For those of you who have never been to the Great Lakes State (especially for you desert-dwellers who only know what grass is because you used to play outside on a small patch of it, which you called "The Green"), here is what Michigan looks like:
Except, of course, during the 14 months of winter; then it looks more like this:
Anyway, what I’m getting at is the fact that the Michigan countryside is definitely lacking in the blacktop and concrete department. I’m seriously right now, you guys. And I know that’s not the right conjugation of the word “serious”… I was making a South Park reference. Sheesh. Here’s another: I’m super serial. There is so much nature out there… it’s, it’s not natural (said aloud in my creepy Blair Witch Project voice).
So, Breezy and I were out at his parents’ house, which is a cute log-cabin-style house in the middle of BFE, and we were preparing for a party (which was AMAZING! There was a pig roast, tons of yummy food, karaoke, and a million other things that are so cool that you wish you could have been there), and Breezy’s dad suggests that we “help out” by trimming the weeds along the driveway. This sounded all right at first (it was the least we could do, right?), but what you don’t know is that this place has a driveway that’s a quarter of a mile long and is surrounded by a dense forest, (which is probably filled with animals, demons, and savages – according to authors like Nathaniel Hawthorne), so you can’t even see the house from the road. To unsuspecting travelers, it is as if the place doesn’t even exist. You could scream at the top of your lungs out there and I doubt anyone would be able to hear you…
(Cue scary movie sound effects that make you want to piss your pants, but you can’t leave the theater to find the bathroom because you want to see if the hot guy comes in to save the day.)
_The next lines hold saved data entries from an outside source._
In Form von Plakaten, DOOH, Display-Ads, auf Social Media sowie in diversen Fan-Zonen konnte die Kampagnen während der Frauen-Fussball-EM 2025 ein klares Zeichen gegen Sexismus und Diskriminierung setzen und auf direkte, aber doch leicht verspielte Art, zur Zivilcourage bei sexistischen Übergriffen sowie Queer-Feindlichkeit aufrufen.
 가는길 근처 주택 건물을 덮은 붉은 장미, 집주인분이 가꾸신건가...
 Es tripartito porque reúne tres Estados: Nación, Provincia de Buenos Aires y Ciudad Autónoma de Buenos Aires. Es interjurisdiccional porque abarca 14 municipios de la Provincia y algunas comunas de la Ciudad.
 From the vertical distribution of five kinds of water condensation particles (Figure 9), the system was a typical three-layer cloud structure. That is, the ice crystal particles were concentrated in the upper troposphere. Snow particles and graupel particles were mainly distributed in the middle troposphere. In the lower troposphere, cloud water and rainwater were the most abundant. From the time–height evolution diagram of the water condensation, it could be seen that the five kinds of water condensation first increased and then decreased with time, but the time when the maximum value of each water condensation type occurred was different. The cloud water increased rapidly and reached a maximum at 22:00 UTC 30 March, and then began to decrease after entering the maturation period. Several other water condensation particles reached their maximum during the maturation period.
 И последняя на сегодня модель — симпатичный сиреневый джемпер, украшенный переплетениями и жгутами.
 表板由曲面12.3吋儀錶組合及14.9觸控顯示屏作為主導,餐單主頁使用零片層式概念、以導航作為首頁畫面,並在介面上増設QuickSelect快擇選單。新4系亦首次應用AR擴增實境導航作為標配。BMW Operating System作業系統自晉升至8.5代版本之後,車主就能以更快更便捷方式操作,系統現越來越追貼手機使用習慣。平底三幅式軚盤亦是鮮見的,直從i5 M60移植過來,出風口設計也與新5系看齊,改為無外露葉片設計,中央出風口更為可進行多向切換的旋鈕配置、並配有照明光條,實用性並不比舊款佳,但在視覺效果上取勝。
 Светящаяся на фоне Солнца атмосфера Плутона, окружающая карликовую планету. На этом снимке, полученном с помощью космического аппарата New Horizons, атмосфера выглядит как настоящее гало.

So there we were, each of us armed with a pair of clippers, trimming away the weeds one giant thorn-covered branch at a time. It wasn’t so bad at first, but as the sun went down (as it tends to do every now and then), the bugs came out. And not just the “oh, dear, there’s a bug on you” kind of bugs. Swarms of “someone get me an effing flame thrower so I can torch these effing bugs!” kind of bugs. It wasn’t pretty. The more we clipped the sweatier we got and the bugs started to stick to us.
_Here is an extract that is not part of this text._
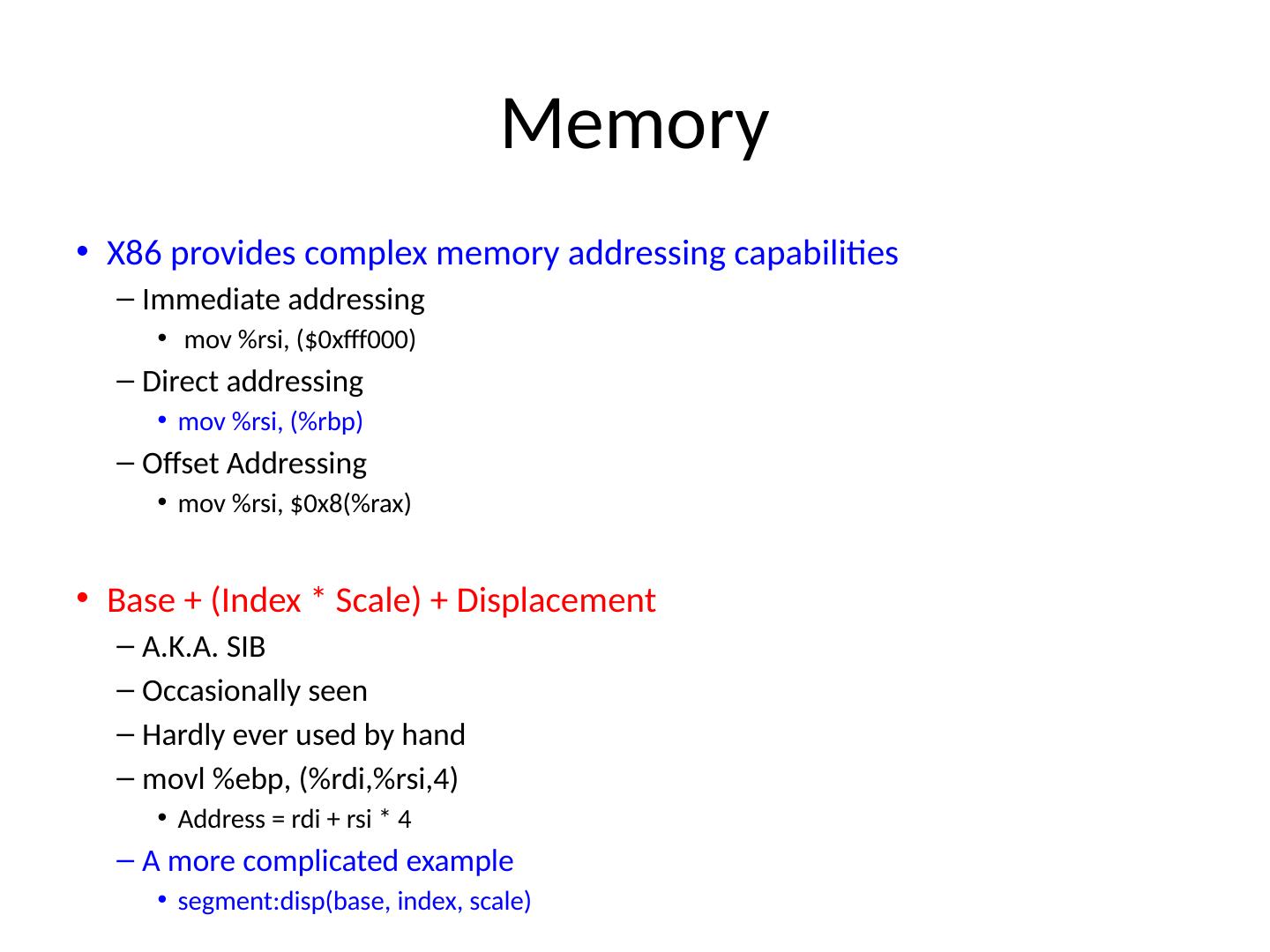9 .Memory X86 provides complex memory addressing capabilities Immediate addressing mov % rsi , ($0xfff000) Direct addressing mov % rsi , (% rbp ) Offset Addressing m ov % rsi , $0x8(% rax ) Base + (Index * Scale) + Displacement A.K.A. SIB Occasionally seen Hardly ever used by hand m ovl % ebp , (%rdi,%rsi,4) Address = rdi + rsi * 4 A more complicated example segment:disp (base, index, scale)
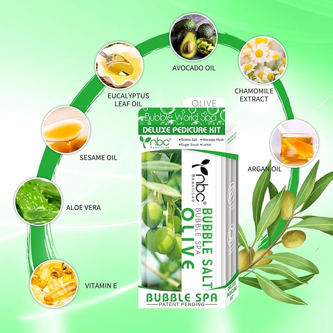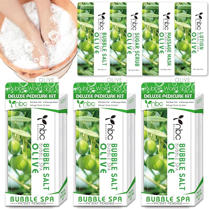 Pedicure Kit Foot Soak Set: Bubble Salt, Sugar Scrub, Massage Mask, Massage Lotion in a Box, 4 Step Foot Spa Kit for Dry Feet, Calluses and Tired Feet(3 Set Olive)

The muggy heat mixed with the West Nile that was seeping into our veins, causing delirium, and before we knew it we had made it halfway down the driveway. That sounds like an accomplishment, I know, but don’t be fooled! That means there was still the OTHER HALF!
Fortunately, we were unable to finish and here’s why:
Close up of my sweat-covered face and torso, showing that I am the character with the largest boobs, so I will be the first to die in this horror movie.
Zoom-in on the thorn-covered, bug-infested, 6-feet tall weeds.
A twig snaps in our general area.
Breezy and I look at one another, fear in our eyes.
There is a loud animalistic grunt, which causes both of us to look back at the weeds.
This is what I think is in there:
There is a lot of high-pitched-little-girl-like screams and the sound of our feet hitting the gravel as we both high-tail it back to the safety of the porch.
We look at one another again, shame in our eyes, for we know not which of us was doing the screaming.